[Supplied information — start]

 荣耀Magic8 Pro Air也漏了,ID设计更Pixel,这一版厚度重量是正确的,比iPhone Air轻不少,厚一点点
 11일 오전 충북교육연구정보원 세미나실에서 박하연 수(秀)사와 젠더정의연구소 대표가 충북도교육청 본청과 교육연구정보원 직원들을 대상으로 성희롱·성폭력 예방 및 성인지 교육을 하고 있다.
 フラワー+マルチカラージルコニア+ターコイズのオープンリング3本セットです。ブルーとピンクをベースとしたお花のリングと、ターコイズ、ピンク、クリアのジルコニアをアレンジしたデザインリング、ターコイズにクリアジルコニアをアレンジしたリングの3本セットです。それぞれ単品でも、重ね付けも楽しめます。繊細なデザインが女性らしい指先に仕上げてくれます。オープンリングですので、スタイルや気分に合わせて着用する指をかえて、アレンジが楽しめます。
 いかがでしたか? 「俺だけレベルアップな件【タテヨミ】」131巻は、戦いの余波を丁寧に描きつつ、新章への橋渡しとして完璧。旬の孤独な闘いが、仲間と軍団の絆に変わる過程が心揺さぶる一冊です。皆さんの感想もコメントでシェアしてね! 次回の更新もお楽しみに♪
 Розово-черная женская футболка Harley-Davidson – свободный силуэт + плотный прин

[Supplied information — finish]
[Supplied information — start]

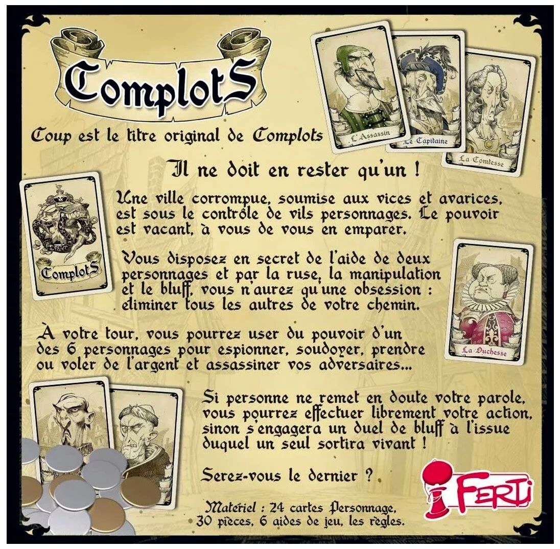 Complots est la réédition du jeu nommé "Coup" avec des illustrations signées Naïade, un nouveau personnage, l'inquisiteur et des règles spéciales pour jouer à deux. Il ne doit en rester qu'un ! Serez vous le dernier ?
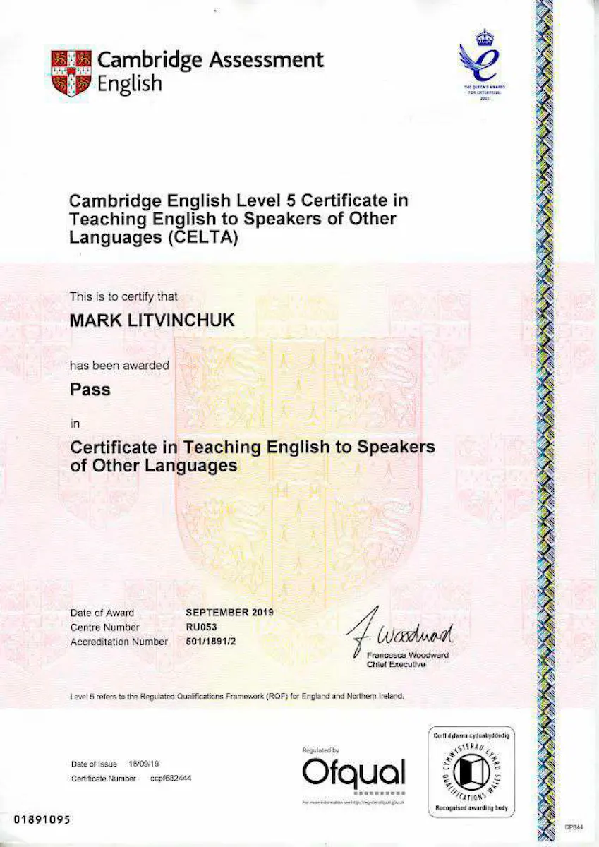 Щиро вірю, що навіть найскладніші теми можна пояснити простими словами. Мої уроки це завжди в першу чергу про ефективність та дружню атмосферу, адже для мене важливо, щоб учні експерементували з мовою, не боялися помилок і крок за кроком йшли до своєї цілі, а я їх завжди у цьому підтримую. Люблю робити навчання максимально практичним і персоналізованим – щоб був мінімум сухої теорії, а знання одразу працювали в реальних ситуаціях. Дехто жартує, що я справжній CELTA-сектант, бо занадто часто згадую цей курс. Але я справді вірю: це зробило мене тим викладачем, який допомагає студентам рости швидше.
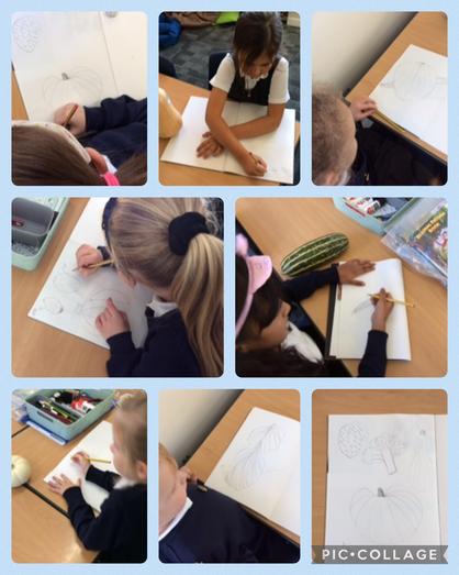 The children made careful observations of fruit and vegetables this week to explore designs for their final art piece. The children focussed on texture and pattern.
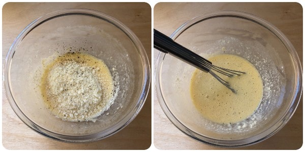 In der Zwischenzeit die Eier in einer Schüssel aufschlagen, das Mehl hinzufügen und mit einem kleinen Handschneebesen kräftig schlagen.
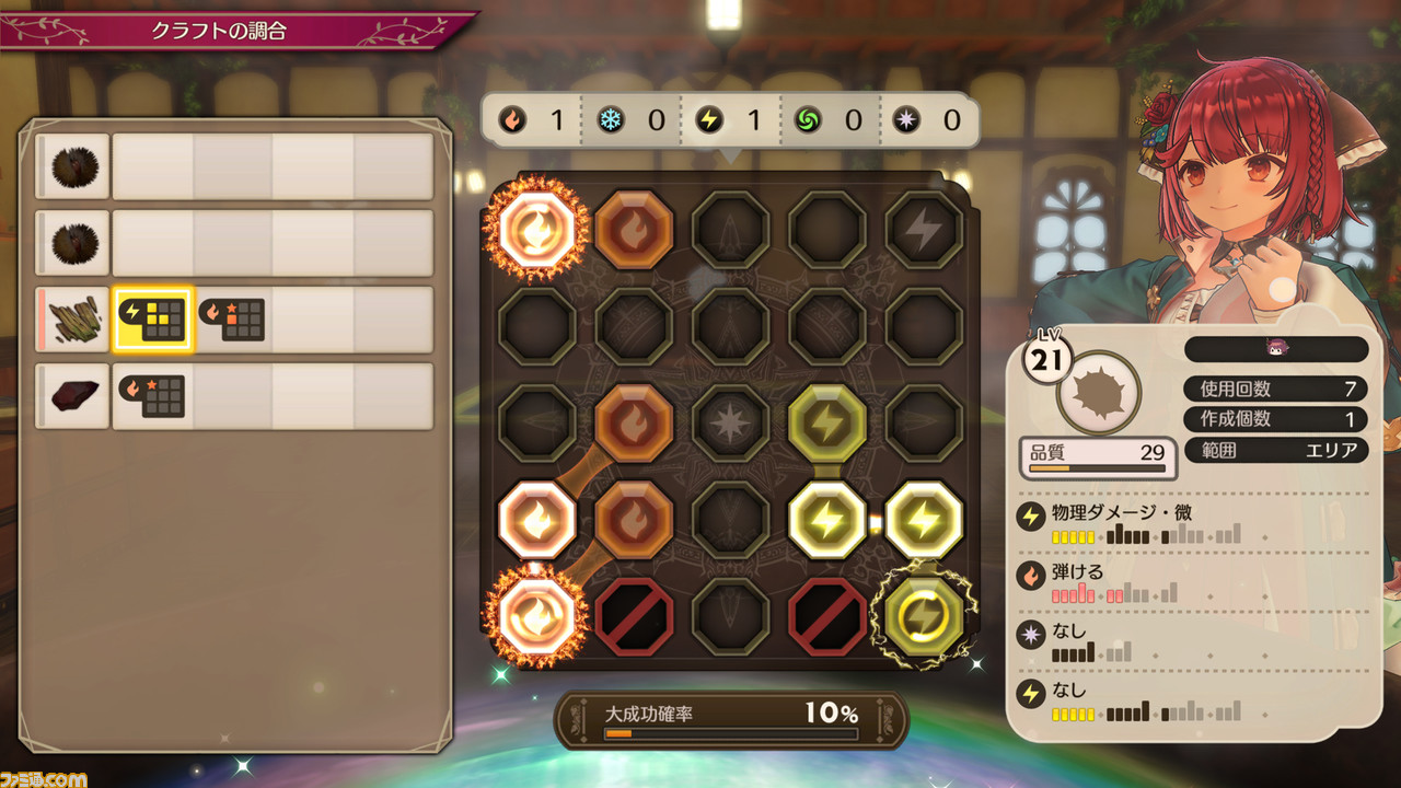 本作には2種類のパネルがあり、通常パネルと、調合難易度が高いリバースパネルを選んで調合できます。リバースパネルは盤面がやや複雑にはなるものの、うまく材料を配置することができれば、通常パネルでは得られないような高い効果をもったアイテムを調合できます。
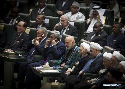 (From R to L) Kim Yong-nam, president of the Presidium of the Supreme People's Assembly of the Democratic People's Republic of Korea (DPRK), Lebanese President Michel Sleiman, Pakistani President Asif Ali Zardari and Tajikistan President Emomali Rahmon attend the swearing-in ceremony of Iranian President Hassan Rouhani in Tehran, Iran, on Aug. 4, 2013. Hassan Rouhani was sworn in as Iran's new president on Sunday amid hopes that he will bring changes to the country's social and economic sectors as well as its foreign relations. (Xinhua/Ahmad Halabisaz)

[Supplied information — finish]
[Supplied information — start]

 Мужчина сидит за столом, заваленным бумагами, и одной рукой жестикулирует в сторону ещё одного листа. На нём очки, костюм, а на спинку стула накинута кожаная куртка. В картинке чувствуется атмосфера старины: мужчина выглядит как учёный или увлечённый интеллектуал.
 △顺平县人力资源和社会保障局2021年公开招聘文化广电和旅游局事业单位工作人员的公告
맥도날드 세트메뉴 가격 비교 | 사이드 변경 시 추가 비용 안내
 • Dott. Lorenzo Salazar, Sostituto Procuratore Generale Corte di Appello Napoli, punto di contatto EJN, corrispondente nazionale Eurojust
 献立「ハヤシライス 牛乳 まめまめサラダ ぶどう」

[Supplied information — finish]

Restate word for word the entries above, starting at the line with "荣耀Magic8 Pro Air也漏了,ID设计更Pixel,这一版厚度重量是正确的,比iPhone" and ending at the line with "Розово-черная женская футболка", inclusive, and no others.

**Exercise result:**
 荣耀Magic8 Pro Air也漏了,ID设计更Pixel,这一版厚度重量是正确的,比iPhone Air轻不少,厚一点点
 11일 오전 충북교육연구정보원 세미나실에서 박하연 수(秀)사와 젠더정의연구소 대표가 충북도교육청 본청과 교육연구정보원 직원들을 대상으로 성희롱·성폭력 예방 및 성인지 교육을 하고 있다.
 フラワー+マルチカラージルコニア+ターコイズのオープンリング3本セットです。ブルーとピンクをベースとしたお花のリングと、ターコイズ、ピンク、クリアのジルコニアをアレンジしたデザインリング、ターコイズにクリアジルコニアをアレンジしたリングの3本セットです。それぞれ単品でも、重ね付けも楽しめます。繊細なデザインが女性らしい指先に仕上げてくれます。オープンリングですので、スタイルや気分に合わせて着用する指をかえて、アレンジが楽しめます。
 いかがでしたか? 「俺だけレベルアップな件【タテヨミ】」131巻は、戦いの余波を丁寧に描きつつ、新章への橋渡しとして完璧。旬の孤独な闘いが、仲間と軍団の絆に変わる過程が心揺さぶる一冊です。皆さんの感想もコメントでシェアしてね! 次回の更新もお楽しみに♪
 Розово-черная женская футболка Harley-Davidson – свободный силуэт + плотный прин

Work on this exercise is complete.